## What you need to do
Could you restate every entry word for word, minus the pictures?

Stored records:
-----

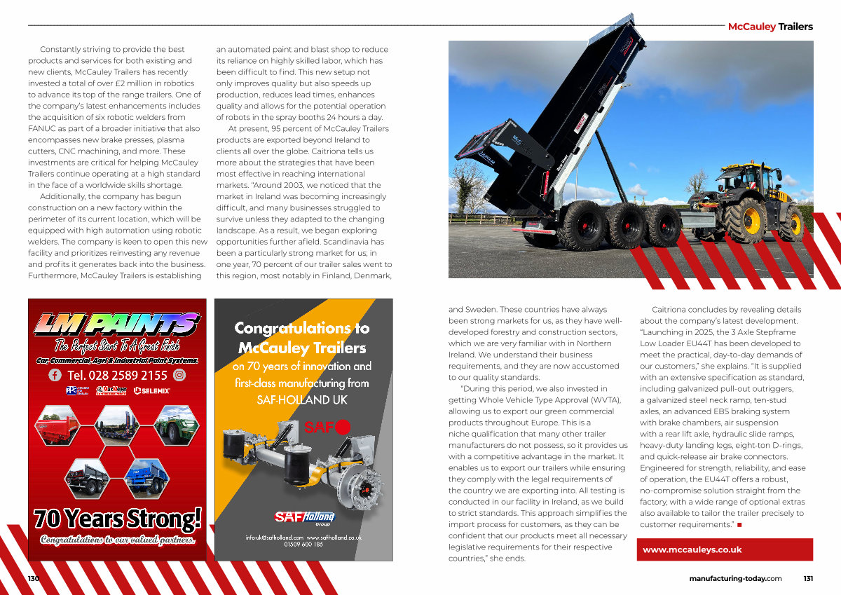 At present, 95 percent of McCauley Trailers products are exported beyond Ireland to clients all over the globe. Caitriona tells us more about the strategies that have been most effective in reaching international markets.“ Around 2003, we noticed that the market in Ireland was becoming increasingly difficult, and many businesses struggled to survive unless they adapted to the changing landscape. As a result, we began exploring opportunities further afield. Scandinavia has been a particularly strong market for us; in one year, 70 percent of our trailer sales went to this region, most notably in Finland, Denmark, 130
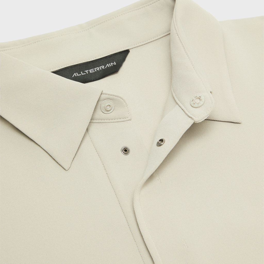 A technical polo shirt designed for mid-summer in a piqué fabric that keeps the skin dry. The front is minimalist, with a no-placket look made possible with DESCENTE’s bonding technology.
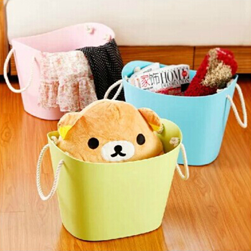 廠家現(xiàn)貨批發(fā)棉繩帶耳塑料籃浴室臟衣籃日式大容量手提塑料收納籃
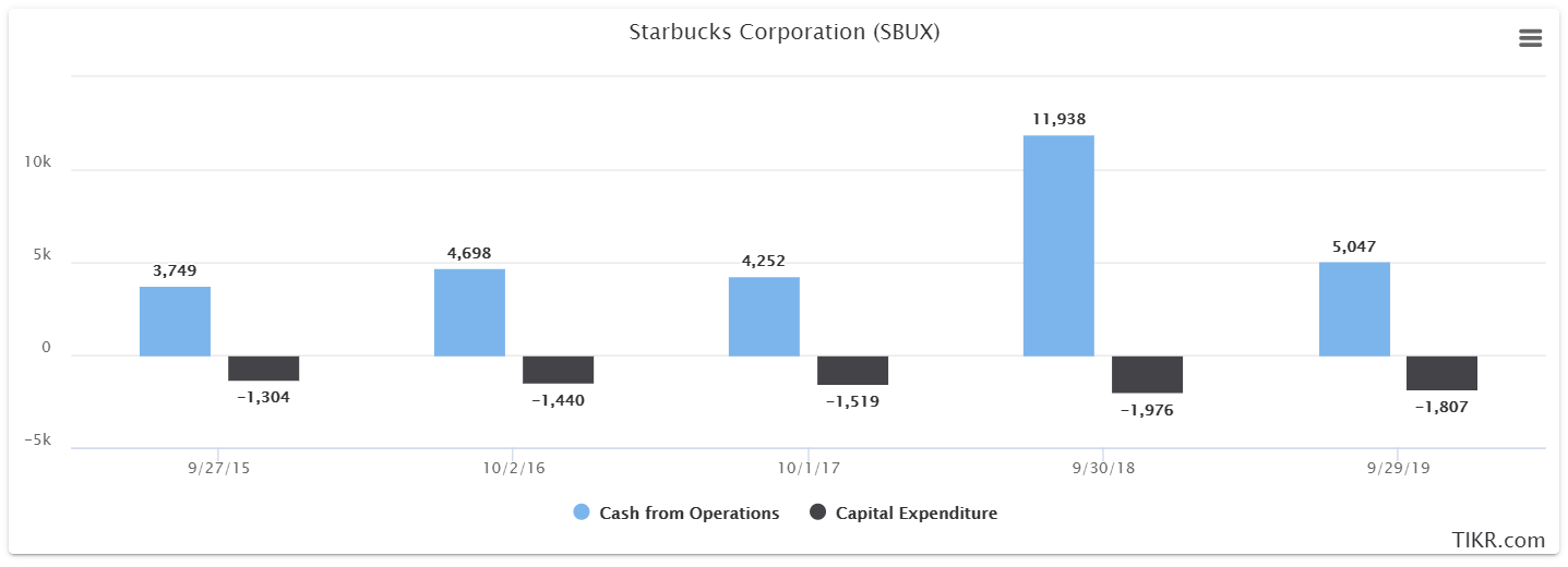 That’s really beside the point, however, as Starbucks has returned many billions of dollars to shareholders in the past two years than it has generated from free cash flow. The balance of the returns can be seen below.
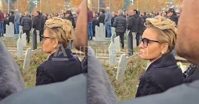 E veshur me të zeza dhe me syze, Kryemadhi është fotografuar në varrezat e Tetovës mes njerëzve të cilët ishin mbledhur për Shpatin.
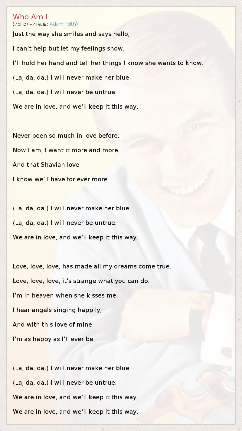 Just the way she smiles and says hello, I can't help but let my feelings show. I'll hold her hand and tell her things I know she wants to know. (La, da, da.) I will never make her blue. (La, da, da.) I will never be untrue. We are in love, and we'll keep it this way. Never been so much in love before. Now I am, I want it more and more. And that Shavian love I know we'll have for ever more. (La, da, da.) I will never make her blue. (La, da, da.) I will never be untrue. We are in love, and we'll keep it this way. Love, love, love, has made all my dreams come true. Love, love, love, it's strange what you can do. I'm in heaven when she kisses me. I hear angels singing happily, And with this love of mine I'm as happy as I'll ever be. (La, da, da.) I will never make her blue. (La, da, da.) I will never be untrue. We are in love, and we'll keep it this way. We are in love, and we'll keep it this way.

-----

## Answer space
 At present, 95 percent of McCauley Trailers products are exported beyond Ireland to clients all over the globe. Caitriona tells us more about the strategies that have been most effective in reaching international markets.“ Around 2003, we noticed that the market in Ireland was becoming increasingly difficult, and many businesses struggled to survive unless they adapted to the changing landscape. As a result, we began exploring opportunities further afield. Scandinavia has been a particularly strong market for us; in one year, 70 percent of our trailer sales went to this region, most notably in Finland, Denmark, 130
 A technical polo shirt designed for mid-summer in a piqué fabric that keeps the skin dry. The front is minimalist, with a no-placket look made possible with DESCENTE’s bonding technology.
 廠家現(xiàn)貨批發(fā)棉繩帶耳塑料籃浴室臟衣籃日式大容量手提塑料收納籃
 That’s really beside the point, however, as Starbucks has returned many billions of dollars to shareholders in the past two years than it has generated from free cash flow. The balance of the returns can be seen below.
 E veshur me të zeza dhe me syze, Kryemadhi është fotografuar në varrezat e Tetovës mes njerëzve të cilët ishin mbledhur për Shpatin.
 Just the way she smiles and says hello, I can't help but let my feelings show. I'll hold her hand and tell her things I know she wants to know. (La, da, da.) I will never make her blue. (La, da, da.) I will never be untrue. We are in love, and we'll keep it this way. Never been so much in love before. Now I am, I want it more and more. And that Shavian love I know we'll have for ever more. (La, da, da.) I will never make her blue. (La, da, da.) I will never be untrue. We are in love, and we'll keep it this way. Love, love, love, has made all my dreams come true. Love, love, love, it's strange what you can do. I'm in heaven when she kisses me. I hear angels singing happily, And with this love of mine I'm as happy as I'll ever be. (La, da, da.) I will never make her blue. (La, da, da.) I will never be untrue. We are in love, and we'll keep it this way. We are in love, and we'll keep it this way.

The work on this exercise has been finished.